Ontario’s current statutory regime for legal capacity, decision-making and guardianship took shape as a result of a monumental reform effort spanning the late 1980s and early 1990s. The result was legislation which was progressive and innovative in its approach to the issues, largely philosophically consistent and reasonably well coordinated. It is also extremely complicated, with multiple layers, pathways, tests and institutions. Stakeholders have identified a number of ways in which implementation of these laws has fallen significantly short of the legislative intent. As well, since the passage of this legislation, there have been significant demographic, social and attitudinal changes, as well as important developments on the international stage.

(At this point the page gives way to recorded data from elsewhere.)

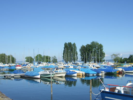 Immerhin meinte es das Wetter auch am Samstag weiterhin gut mit uns, so dass wir unser volles Programm ohne größere Zwischenfälle erledigen konnten. Als erstes ging es mit einer der lustigen Seilbahnen hinauf zu dem schönen Aussichtspunkt, von wo aus man dank klarer Sicht wunderschön die Alpen sehen konnte. Außerdem bot sich hier die Chance zur guten Tat des Tages, denn da oben lag einsam und alleine ein Handy rum, vom Besitzer weit und breit keine Spur. Also, hab ich einfach mal die einzige (komisch!) gespeicherte Nummer angerufen und mit einem Freund telefoniert, der mir direkt mal die Adresse des Besitzers verraten hat, so dass Lisa und ich das gute Stück direkt abliefern konnten. Da fühlt man sich doch direkt mal um Klassen besser! ...und hat für die nächsten sozialen Begegnungen einen gut Nach diesem kleinen Umweg ging es weiter in den Botanischen Garten, um ein bisschen Natur zu tanken (auch wenn es laut Lisa keine bunten Blumen gab...) und den vielen kleinen Kaulquappen zu zuschauen. Nachmittags stand dann zusammen mit Mareike sportliche Betätigung auf dem Programm: Radtour in den Nachbarort mit anschließendem Picknick und Eis essen. Praktischerweise kann man hier nämlich am Hafen umsonst (!) Fahrräder ausleihen - tja, die Schweiz macht's möglich Die Velos waren jedenfalls top! ...auch wenn wir am nächsten Tag alle etwas Muskelkater im Hintern hatten Trotzdem war das eine tolle Tour, die wir bald mal wiederholen wollen.
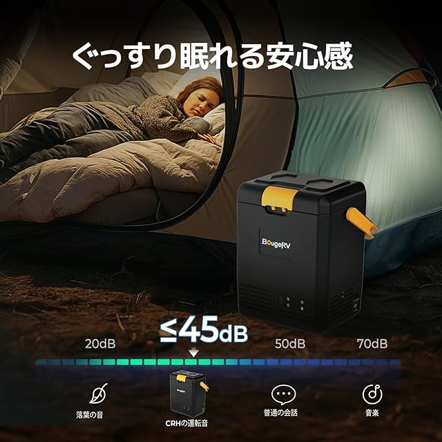 【専用アプリで快適操作&LEDコントロールパネル】 BougeRV専用アプリを使えば、冷蔵庫の温度や設定をスマートフォンから簡単に操作できます。本体に近づく必要がなく、テントや車内からでも手軽に管理可能。最大10mの範囲で操作できるため、アウトドアシーンや車中泊でも快適に使用できます。さらに、シンプルで分かりやすいLEDコントロールパネルを採用。温度設定や動作状況が一目で確認できるため、初めて使う方でも迷わず操作できる直感的なデザインです。
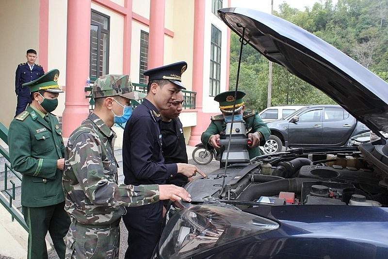 Cán bộ Hải quan và Bộ đội Biên phòng phối hợp kiểm tra phương tiện nhập cảnh qua Cửa khẩu quốc tế Na Mèo. Ảnh: Hải Quan Thanh Hóa |

Main Point of the Chapters
Chapter I of the Interim Report provides an overview of the project process, scope and themes, which focus on reducing unnecessary and inappropriate intervention, improving access to the law and enhancing the clarity and coordination of the law.
Chapter II describes in brief Ontario’s legal capacity and decision-making laws, and identifies their core strengths and shortcomings.
Chapter III analyzes the application of the LCO Frameworks to these laws, including the implications of the principles, and analysis of the contexts in which the law operates and the differential impact on particular groups.
The review’s framework of principles aligns well with any discipline’s ethics as we further develop our understanding of recovery.
- Respecting dignity and worth;
- Promoting inclusion and participation;
- Fostering autonomy and independence;
- Respecting the importance of security/facilitating the right to live in safety;
- Responding to diversity; and
- Understanding membership in the broader community/recognizing that we all live in society.
The approach by the Ontario Law Commission to advancing changes is focused on systematic change with “continuous advancement.”
The concept of progressive realization involves an understanding that achievement of the principles is an ongoing process, as circumstances, understandings and resources develop. Reforms must respect and advance the principles, principles must be realized to the greatest extent possible at the current time and there must be a focus on continuous advancement.